Please copy out all lines of the entries that contain the word "esta".
________________
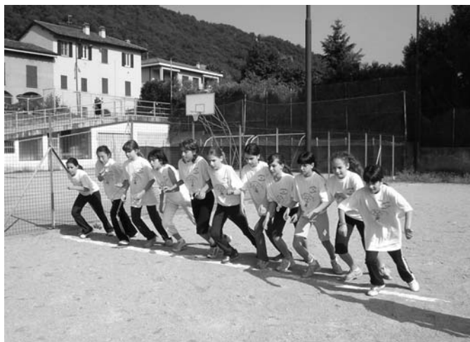
Giochi della Gioventù

Per la mensa il costo del buono pasto sarà pari a 3,76 euro.
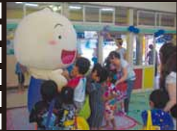
7/20 みどりヶ丘保育園夏祭りで大人気！
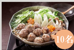
B みえジビエ 鹿肉のつみれ 160 g × 4個
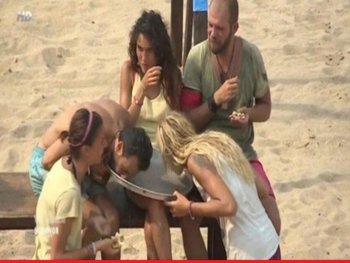
OKULDA ARKADAŞLARLA ORTAK BİR ŞEY ALINCA YEME ŞEKLİMİZ
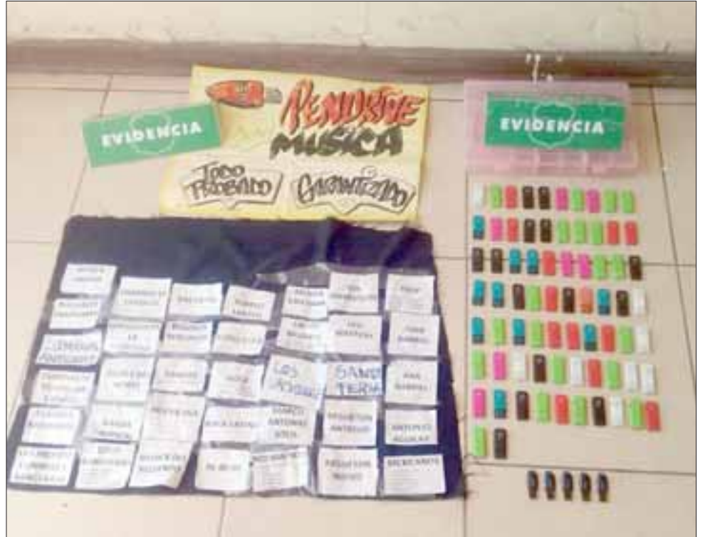
Sujeto llegó de Santiago y se instaló a un costado de los puestos ubicados en la feria de la Plaza de Armas, con esta mercadería.
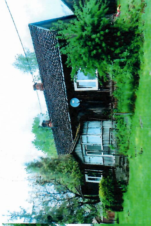
Widok budynku od południa
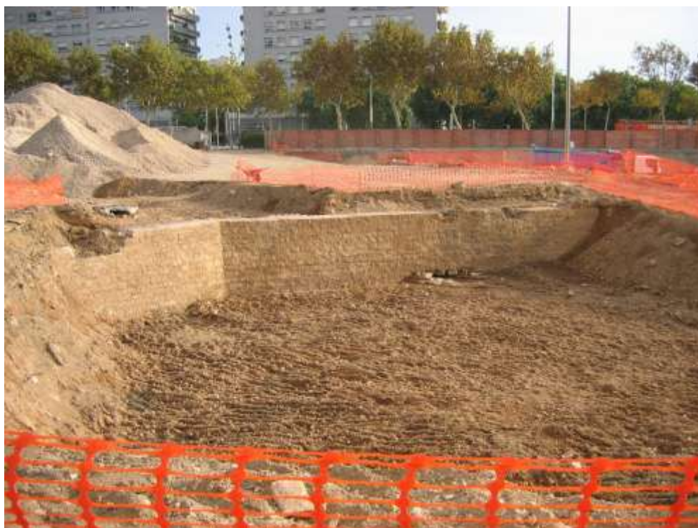
Tram de la contraescarpa documentat al solar del Patronat de l'Habitatge. L'excavació arqueològica es completarà a partir de les cotes que es veuen a la imatge
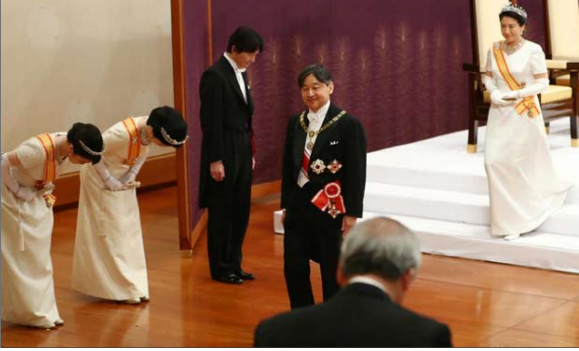
هيراهايتو.. إمبراطور اللحظة وماذا بعد

•• الفجر - داميان دوران - ترجمة خيرة الشيباني بالنسبة لداعي السلالة الإمبراطورية اليابانية، تم في 6 سبتمبر 2006 إنقاذ عرش الأحقوان - مؤقتاً على الأقل. في ذلك اليوم، بعد سنوات من الانتظار والنقاش، جاء الأمير فوميهيتو، شقيق الإمبراطور الجديد ناروهيتو،
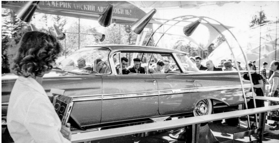
Рис.2. Фото с промышленной выставки СССР.

В условиях массового индустриального производства и потребления дизайн становится механизмом воздействия на потребителя, одним из основных средств обеспечения конкурентоспособности товара. Появление новых изобретений и производственных технологий создают предпосылки для совершенствования рынка товаров, вытеснения старых моделей новыми, которые призваны служить потребителю на совершенно новом качественном уровне, выполнять новые функции и, как результат, породить новые запросы социума.
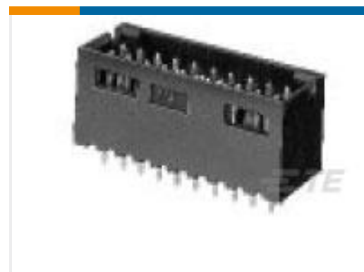
TE 产品编号5-103168-4 12 MODII HDR DRST SHRD .100CL
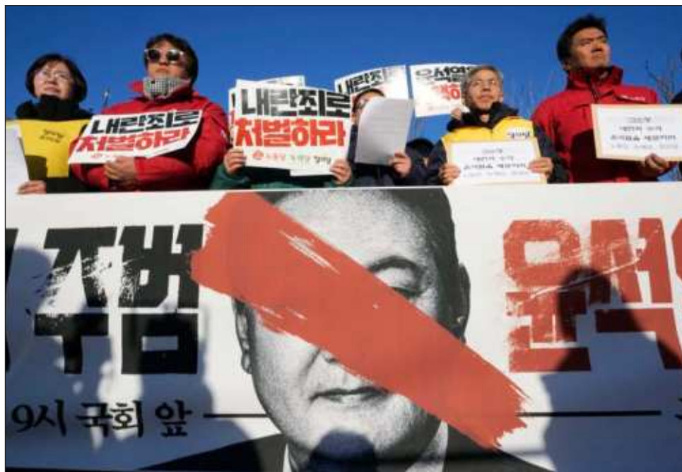
▲ Destituir al presidente Yoon Suk Yeol por la breve imposición de la ley marcial requeriría el apoyo de dos tercios del Parlamento, y al menos seis jueces de los nueve miembros de la Corte de Constitucionalidad tendrían que respaldar la iniciativa para apartarle del cargo.

Varios asesores de alto nivel y el ministro de Defensa, Kim Yong Hyun, se ofrecieron a dimitir mientras la nación trataba de comprender lo que parecía ser una
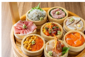
オッカー桶祭り丼 8種祭り 6,050円 (アレルギー：えび・小麦・さけ・いくら・ごま・大豆) ※本製品に使用しているしらすはえび・かに・いかが混ざる漁法で採取しています
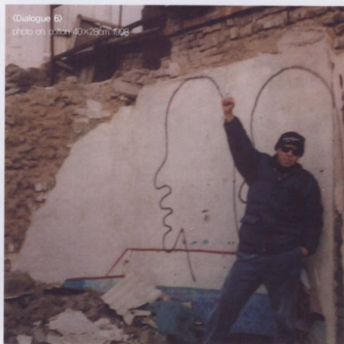
(Dialogue 6) photo on cotton 40x28cm 1998

내 작품은 내 의견을 표현하는 나만의 언어이다. 말하기를 원하지 않거나 말할 수 없는 사람들이 말할 수 있도록 도와준다고도 할 수 있다. 우리가 느끼는 감정에 대해서 말하는 것은 우리의 권리이다. 그래서 나는 이러한 감정들을 표현하기 위해 예술이라는 언어를 사용한다. 무엇을 변화시키는 데 있어서 나 자신만의 힘과 노력에만 의지 할 수 없다는 것을 알고 있다. 그러나 나는 사람들이 각자의 책임을 다해야 한다고 믿는다. ♪
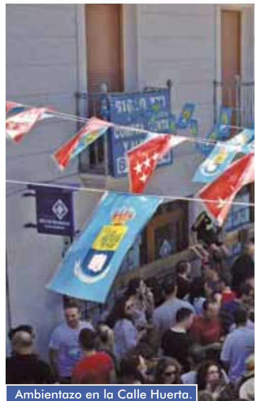
Ambientazo en la Calle Huerta.

Apache, que cuenta con muchos seguidores en la comarca.
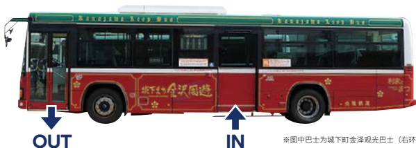
※图中巴士为城下町金泽观光巴士（右环线）。
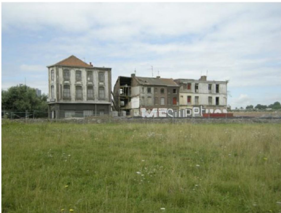
Figure 2. La zone de l'union. Anciens logements

29 La zone de l'Union, comme de nombreux espaces façonnés par une désindustrialisation rapide, est caractérisée par des mécanismes de cumul des inégalités, sociales et écologiques. Ces cumuls résultent des risques (pollutions des sols, sanitaires...) que rencontrent les populations à cause des externalités environnementales historiquement peu ou pas prises en compte dans les politiques de développement de ces territoires (Guillerme, 2010). Si la situation concerne, globalement, les sociétés industrielles (Beck, 2002), elle est particulièrement présente sur ces territoires. Cet héritage doit désormais être intégré dans les politiques de rénovation de ces espaces, s'ils veulent mettre en place des politiques qui englobent, conjointement, la prise en compte des inégalités sociales et écologiques (Laigle et Oehler, 2004).
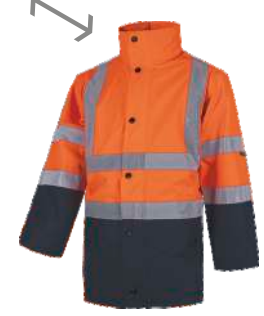
2) IMPERMEABLE WATERPROOF
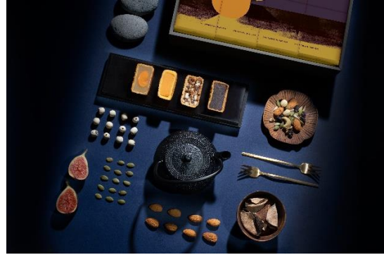
一盒内有八件装迷你月饼，包括四款迷人风味
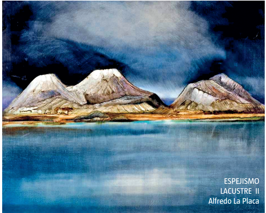
ESPEJISMO LACUSTRE II Alfredo La Placa
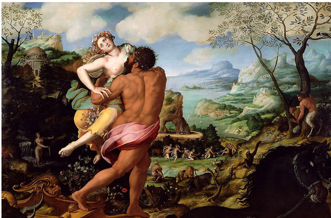
Le rapt de Proserpine, par Alessandro Allori

Le plan est parfait, divin même et donc rien ne se passe comme prévu.
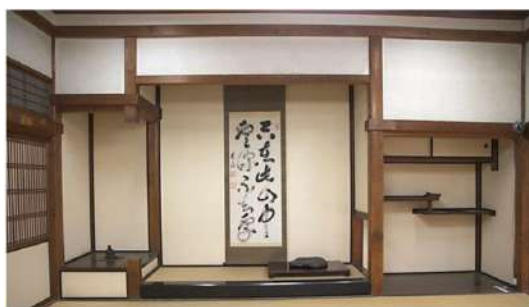
「茶室と床の間」のイメージ(フリー画像より) 茶室の床の間の材や関連話に日本文化の奥深さを学びました
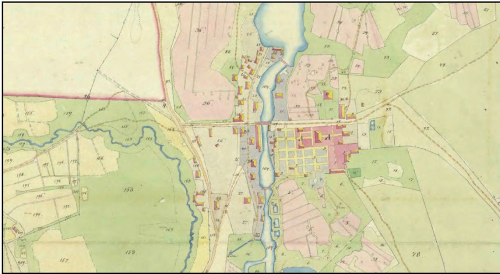
Figur 7. Karta över Färna 1816.
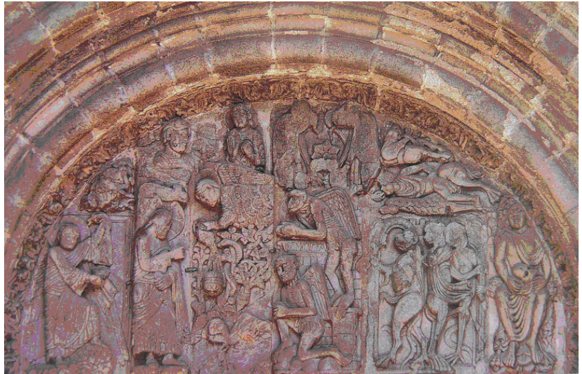
Lámina 2 (hasta 4 puntos). / Lámina 2 (ata 4 puntos).

Estudia esta obra iconográfica y formalmente (hasta 2 puntos). / Estudia esta obra iconográfica e formalmente (ata 2 puntos)
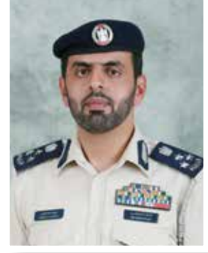
العميد سهيل الخيلي

مبادرة درب السلامة للتوعية المرورية التي تواصل القيادة العامة لشرطة أبوظبي تنفيذها بأنها «ظاهرة حضارية» لما لها من أهمية اجتماعية وتربوية وتوعوية، من خلال التفاعل التوعوي للشرطة مقروناً باستخدام التقنيات الحديثة ونظم البرمجة المرورية المتطورة ومشاركة آلاف المتطوعين، وكل ذلك بهدف الحفاظ على أرواح الناس، وتقليل الخسائر البشرية والمادية، وزيادة الوعي بأهمية العمل المروري القائم على مدار الساعة. وأضاف: أن هذه المبادرة هي بالفعل تجربة رائدة تستحق الإشادة والتقدير، لأنها عكست روح الطمأنينة والأمل بين الناس، وأشاعت جو المحبة بينهم وبين رجال الشرطة، وهذه المبادرة ليست بجديدة على القيادة العامة لشرطة أبوظبي التي عودتنا دائماً على الإسهامات والمبادرات الحيوية والنهضوية، وبمشاركة مختلف دوائر ومؤسسات الدولة فضلاً عن المواطنين والمقيمين.
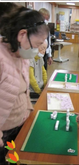
🍡 麻雀パイを使う麻雀ツムツムレクリエーション…積むだけと侮ることなかれ 🍡
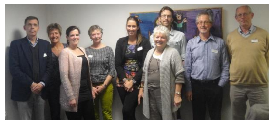
Het medisch team dat in januari/februari 2014 operaties zal verrichten
________________
◆ TASK OUTPUT ◆
Sujeto llegó de Santiago y se instaló a un costado de los puestos ubicados en la feria de la Plaza de Armas, con esta mercadería.
Estudia esta obra iconográfica y formalmente (hasta 2 puntos). / Estudia esta obra iconográfica e formalmente (ata 2 puntos)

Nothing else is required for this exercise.